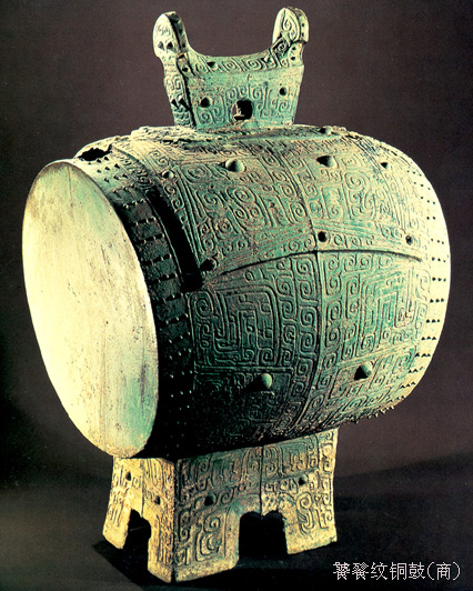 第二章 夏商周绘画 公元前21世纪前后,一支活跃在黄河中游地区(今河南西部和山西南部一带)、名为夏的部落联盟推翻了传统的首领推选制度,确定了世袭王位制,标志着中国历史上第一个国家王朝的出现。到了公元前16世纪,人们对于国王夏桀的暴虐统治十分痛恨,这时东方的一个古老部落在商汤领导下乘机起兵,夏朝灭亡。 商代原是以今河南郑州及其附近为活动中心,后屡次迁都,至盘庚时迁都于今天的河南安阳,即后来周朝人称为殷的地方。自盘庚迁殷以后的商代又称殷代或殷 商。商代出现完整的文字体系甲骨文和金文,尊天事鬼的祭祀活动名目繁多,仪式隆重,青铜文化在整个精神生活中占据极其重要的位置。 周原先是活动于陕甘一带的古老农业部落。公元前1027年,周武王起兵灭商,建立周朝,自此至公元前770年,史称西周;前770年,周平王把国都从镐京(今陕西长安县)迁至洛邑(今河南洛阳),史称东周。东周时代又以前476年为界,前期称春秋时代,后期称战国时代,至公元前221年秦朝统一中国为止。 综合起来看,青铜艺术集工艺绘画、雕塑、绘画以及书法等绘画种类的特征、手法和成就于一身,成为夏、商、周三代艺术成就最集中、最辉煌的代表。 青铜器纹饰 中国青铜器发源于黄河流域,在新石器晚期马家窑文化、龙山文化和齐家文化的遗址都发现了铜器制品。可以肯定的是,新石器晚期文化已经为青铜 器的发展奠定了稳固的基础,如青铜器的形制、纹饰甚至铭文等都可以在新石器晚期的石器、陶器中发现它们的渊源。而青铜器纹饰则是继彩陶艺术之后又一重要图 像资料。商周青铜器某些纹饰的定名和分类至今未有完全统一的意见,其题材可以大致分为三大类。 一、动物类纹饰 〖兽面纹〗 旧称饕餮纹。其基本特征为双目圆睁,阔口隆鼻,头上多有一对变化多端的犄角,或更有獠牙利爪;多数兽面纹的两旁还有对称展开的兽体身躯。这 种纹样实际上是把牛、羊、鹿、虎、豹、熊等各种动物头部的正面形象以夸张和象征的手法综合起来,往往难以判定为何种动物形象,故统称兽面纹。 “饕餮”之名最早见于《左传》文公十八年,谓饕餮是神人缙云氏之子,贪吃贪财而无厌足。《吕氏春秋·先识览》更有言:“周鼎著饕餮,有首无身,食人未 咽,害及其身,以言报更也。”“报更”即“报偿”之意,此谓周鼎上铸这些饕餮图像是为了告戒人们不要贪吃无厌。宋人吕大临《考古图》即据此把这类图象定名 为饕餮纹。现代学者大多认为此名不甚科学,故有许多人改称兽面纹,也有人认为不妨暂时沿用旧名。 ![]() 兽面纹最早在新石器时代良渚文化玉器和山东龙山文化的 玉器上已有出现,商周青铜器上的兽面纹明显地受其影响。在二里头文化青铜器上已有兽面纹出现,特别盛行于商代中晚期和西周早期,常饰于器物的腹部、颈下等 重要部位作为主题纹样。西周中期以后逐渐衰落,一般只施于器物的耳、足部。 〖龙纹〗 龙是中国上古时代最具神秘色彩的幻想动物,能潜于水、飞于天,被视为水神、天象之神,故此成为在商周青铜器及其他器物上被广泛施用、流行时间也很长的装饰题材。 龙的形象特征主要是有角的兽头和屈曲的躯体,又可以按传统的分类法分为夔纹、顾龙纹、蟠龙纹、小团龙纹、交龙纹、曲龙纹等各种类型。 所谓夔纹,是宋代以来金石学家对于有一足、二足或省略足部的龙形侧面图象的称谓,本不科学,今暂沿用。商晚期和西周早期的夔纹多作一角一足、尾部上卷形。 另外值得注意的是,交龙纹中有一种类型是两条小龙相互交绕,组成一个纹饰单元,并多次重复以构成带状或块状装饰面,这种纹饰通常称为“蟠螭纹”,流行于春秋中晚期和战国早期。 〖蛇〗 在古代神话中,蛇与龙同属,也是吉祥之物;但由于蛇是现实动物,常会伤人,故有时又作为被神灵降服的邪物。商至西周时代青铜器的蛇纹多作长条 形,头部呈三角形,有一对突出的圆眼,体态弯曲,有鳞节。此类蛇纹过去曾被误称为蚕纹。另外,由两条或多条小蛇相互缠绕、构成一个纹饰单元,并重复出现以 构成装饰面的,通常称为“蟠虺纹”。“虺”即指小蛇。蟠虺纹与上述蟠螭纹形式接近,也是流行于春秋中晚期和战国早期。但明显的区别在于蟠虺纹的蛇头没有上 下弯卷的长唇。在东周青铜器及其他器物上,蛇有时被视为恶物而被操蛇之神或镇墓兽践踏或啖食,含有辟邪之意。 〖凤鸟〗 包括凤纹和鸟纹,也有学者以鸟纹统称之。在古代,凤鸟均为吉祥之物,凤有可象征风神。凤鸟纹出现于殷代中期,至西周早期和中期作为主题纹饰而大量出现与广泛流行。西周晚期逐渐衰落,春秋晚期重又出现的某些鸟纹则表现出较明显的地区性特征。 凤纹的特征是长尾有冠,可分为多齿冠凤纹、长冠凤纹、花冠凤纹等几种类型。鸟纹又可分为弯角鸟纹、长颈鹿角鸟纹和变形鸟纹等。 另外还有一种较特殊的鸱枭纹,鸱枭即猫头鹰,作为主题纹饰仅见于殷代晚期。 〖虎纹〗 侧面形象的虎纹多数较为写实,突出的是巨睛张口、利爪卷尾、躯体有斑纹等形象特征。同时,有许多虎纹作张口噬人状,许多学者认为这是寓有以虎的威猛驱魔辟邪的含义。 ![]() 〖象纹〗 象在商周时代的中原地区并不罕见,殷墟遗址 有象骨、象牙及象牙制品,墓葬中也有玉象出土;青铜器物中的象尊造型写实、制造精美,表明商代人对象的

====

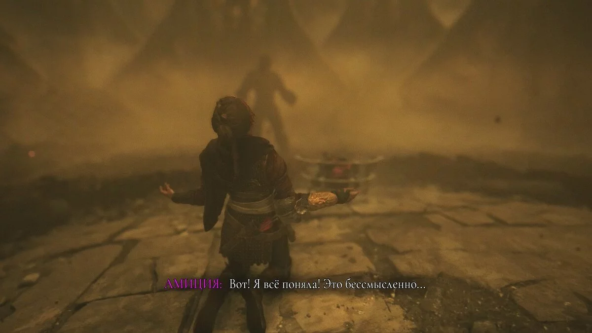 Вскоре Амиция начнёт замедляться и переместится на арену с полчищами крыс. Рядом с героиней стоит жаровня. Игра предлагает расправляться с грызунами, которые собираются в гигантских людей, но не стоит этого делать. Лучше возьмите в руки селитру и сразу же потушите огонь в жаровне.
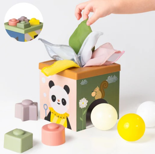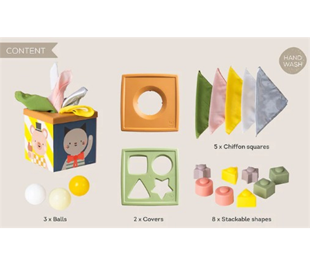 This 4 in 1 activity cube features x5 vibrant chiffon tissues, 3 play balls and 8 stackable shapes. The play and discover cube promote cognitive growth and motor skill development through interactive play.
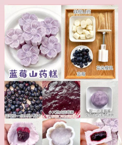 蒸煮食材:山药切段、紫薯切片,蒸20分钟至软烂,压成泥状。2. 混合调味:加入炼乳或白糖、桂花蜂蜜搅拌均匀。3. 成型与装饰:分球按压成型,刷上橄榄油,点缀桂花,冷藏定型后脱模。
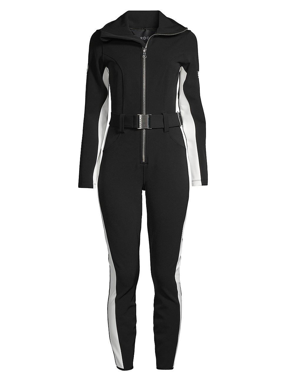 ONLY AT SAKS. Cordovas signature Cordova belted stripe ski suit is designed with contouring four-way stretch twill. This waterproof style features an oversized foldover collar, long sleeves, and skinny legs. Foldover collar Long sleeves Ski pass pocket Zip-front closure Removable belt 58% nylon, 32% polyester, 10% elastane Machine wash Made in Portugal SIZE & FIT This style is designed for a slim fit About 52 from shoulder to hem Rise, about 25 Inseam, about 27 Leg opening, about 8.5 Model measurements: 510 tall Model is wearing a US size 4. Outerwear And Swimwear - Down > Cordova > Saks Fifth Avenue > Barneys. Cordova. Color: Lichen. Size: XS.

====

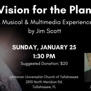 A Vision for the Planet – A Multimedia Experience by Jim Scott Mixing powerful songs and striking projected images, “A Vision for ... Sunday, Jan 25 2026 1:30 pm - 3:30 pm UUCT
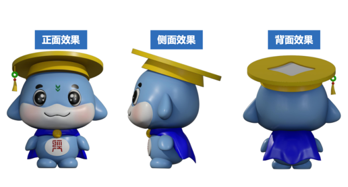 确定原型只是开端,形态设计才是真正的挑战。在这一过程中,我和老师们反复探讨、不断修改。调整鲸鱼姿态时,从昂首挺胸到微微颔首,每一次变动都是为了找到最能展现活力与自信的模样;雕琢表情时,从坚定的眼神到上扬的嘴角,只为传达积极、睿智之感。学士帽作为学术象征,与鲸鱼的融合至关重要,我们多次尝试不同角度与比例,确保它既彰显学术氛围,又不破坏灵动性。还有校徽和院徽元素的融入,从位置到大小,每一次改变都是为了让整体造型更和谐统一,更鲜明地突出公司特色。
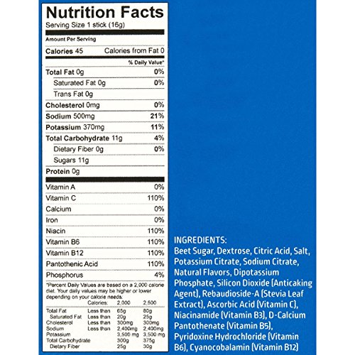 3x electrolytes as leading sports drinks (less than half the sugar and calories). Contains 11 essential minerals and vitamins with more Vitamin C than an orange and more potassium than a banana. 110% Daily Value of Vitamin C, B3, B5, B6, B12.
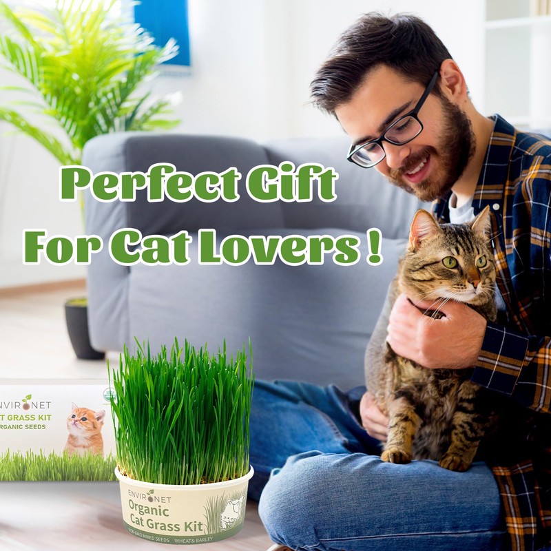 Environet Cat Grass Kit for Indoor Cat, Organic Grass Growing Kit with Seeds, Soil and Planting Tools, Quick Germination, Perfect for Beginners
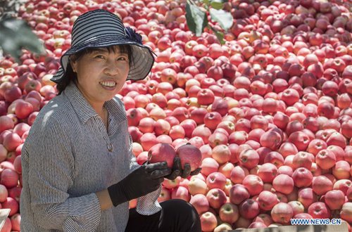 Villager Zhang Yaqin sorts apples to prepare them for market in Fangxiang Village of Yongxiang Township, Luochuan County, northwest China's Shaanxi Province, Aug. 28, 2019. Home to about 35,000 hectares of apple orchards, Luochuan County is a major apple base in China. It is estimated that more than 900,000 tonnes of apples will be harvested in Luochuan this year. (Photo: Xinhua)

====

Task brief >>
Transcribe the listing above exactly, but only from the line with "A Vision for the" through the line with "确定原型只是开端,形态设计才". Include both of those lines and omit the pictures.

Response below >>
 A Vision for the Planet – A Multimedia Experience by Jim Scott Mixing powerful songs and striking projected images, “A Vision for ... Sunday, Jan 25 2026 1:30 pm - 3:30 pm UUCT
 确定原型只是开端,形态设计才是真正的挑战。在这一过程中,我和老师们反复探讨、不断修改。调整鲸鱼姿态时,从昂首挺胸到微微颔首,每一次变动都是为了找到最能展现活力与自信的模样;雕琢表情时,从坚定的眼神到上扬的嘴角,只为传达积极、睿智之感。学士帽作为学术象征,与鲸鱼的融合至关重要,我们多次尝试不同角度与比例,确保它既彰显学术氛围,又不破坏灵动性。还有校徽和院徽元素的融入,从位置到大小,每一次改变都是为了让整体造型更和谐统一,更鲜明地突出公司特色。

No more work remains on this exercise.